#. Contact Dermatitis
Definition: Rash due to direct skin exposure to a substance
-Classified as allergic contact dermatitis or irritant contact dermatitis
-distance from systemic effects due to drug or allergen sensitivities
#. Pathophysiology of Contact Dermatitis
-type IV hypersensitivity reaction involving T cells
-First exposure: immune system sensitized to antigen that is presented to APC in epidermis and carried to naive T cells. Takes 10-14 days
-Re-exposure: Antigen presented to sensitized lymphocytes and it releases cytokines that activate inflammation, destroying cells along with antigen.
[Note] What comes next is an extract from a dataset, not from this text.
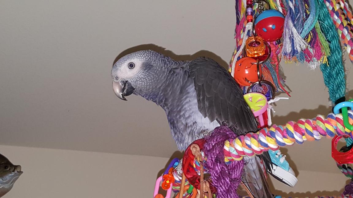 Charlie Parker Posted April 14, 2016 Posted April 14, 2016 (edited) Hi All, I'm John. I picked up Charlie Parker, my Timneh African Grey, at the end of October of last year, 2015. I found him online after researching the behavior and learning ability of African greys, I found it very interesting and challenging. Charlie was hatched on the 15th of July 2015 so he is approaching 9 months old. Let me tell you... I am beyond words on how to describe him, he is such an attention getter, loves to cuddle, and just flat plain astonishes me everyday. I think I love him more than any other "animal" I have ever had. I am 46 years old, have a partner of 10 years and I am retired from the navy, 20 years. Yes I still have a job doing the same exact thing I was doing in the navy but as a civilian, sweet job and pay. I live in Washington state on Whidbey island in the city of oak harbor. Charlie has only met one other bird that is a conure and likes to "beak " with this bird (Tilly). Tilly doesn't like that but does tolerate Charlie I suppose. Charlie really likes to be outside and will "cry" if I don't take him with me when I go outside. I am now associating that with asking him if he wants to go outside, yes he is clipped, I asked not for him to be clipped before I got him but yes he was clipped when I got him. I want to let him grow out new feathers so I can begin the scary task of letting him learn to fly. Going outside will only be done with his harness on when he gets those new feathers going on. Right now he just gently glides while he flaps like crazy but he learning to feather out his landings instead of thumping on the ground, such a good boy! He is learning new things everyday which just amazes me and puts such a smile on my face. Charlie is out of his cage ALL day with either my partner home or I, when we're not here or have him with us, we have to put him in his cage, sad but safe. I try and introduce him to new and different things occasionally so he doesn't get to freaked out if I show him something new. right now he adjusts to new items in about a day or so, his little growl is very amusing, I imitate him and he just looks at me like no! I'm suppose to do that, not you! He bit me pretty good about four times the first evening we got him, I learned I was going to fast. Have not seen blood since the first day. Charlie knows that if he bites we ignore him for a little while so he doesn't bite down hard anymore. We have this bird human language going on, I know what he wants already, is that scary lol. He is a shoulder guy and doesn't have issues with hanging on, I am very gentle and move slow for him so he doesn't loose his balance while he's on me. Andy, my partner, is a little more stern with him in that when andy wants a kiss or wants to pet Charlie, andy gets what he wants. Go figure, Charlie Parker has bonded more with andy than me. I also get a lot of love from both so I am happy. Charlie eats very well. I give him a local pet store mix of seeds and pellets along with zupreem fruit blend and smart selects also a little bit of harrisons high potency fine pellets. I also add in yogurt sunflower seeds like 7 or 8 seeds on top of his food with a couple banana chips and pumkin seeds topped off with some bee pollen. during the day he also gets a little bowl of mixed veggies. His new favorite treat is mandarin oranges with juice, just 2 little slices of oranges though. Fresh water with a splash of aloe vera juice twice a day. He weighs around 300 grams, I weigh him about 2 times a week. alright thanks for reading, I look forward to being a part of this get together. Edited April 15, 2016 by Charlie Parker try to add picture

Takes 12-48 hrs
#. Common Triggers of Contact Dermatitis (Antigens)
-Plant oleoresin (ex poison ivy, oak, and sumac (sometimes mango)
-nickel in jewerly
-formaldehyde (clothing, nail polish)
-tape adhesives
-fragrances, preservatives
-antibiotic ointment (Neomycin in Neosporin)
-Latex (less common now than in 80s)
#. Acute Presentation Allergic Contact Dermatitis
-Acute exposure: one exposure and a few days later get a rash
-Usually able to identify a triggering exposure
ex. pulled weeds at house
-Intensely pruritic or burning rash with vesciles, wet, crusty, weepy
#..Chronic Presentation Allergic Contact Dermatitis
-Chronic exposure: exposed on a daily basis, and evolves more slowly
-belly ring or belt buckle for example
-More difficult to elicit trigger from history with chronic because most often an ongoing exposure
-Still intensely pruritic but scalin, red, and thickened (lichenified)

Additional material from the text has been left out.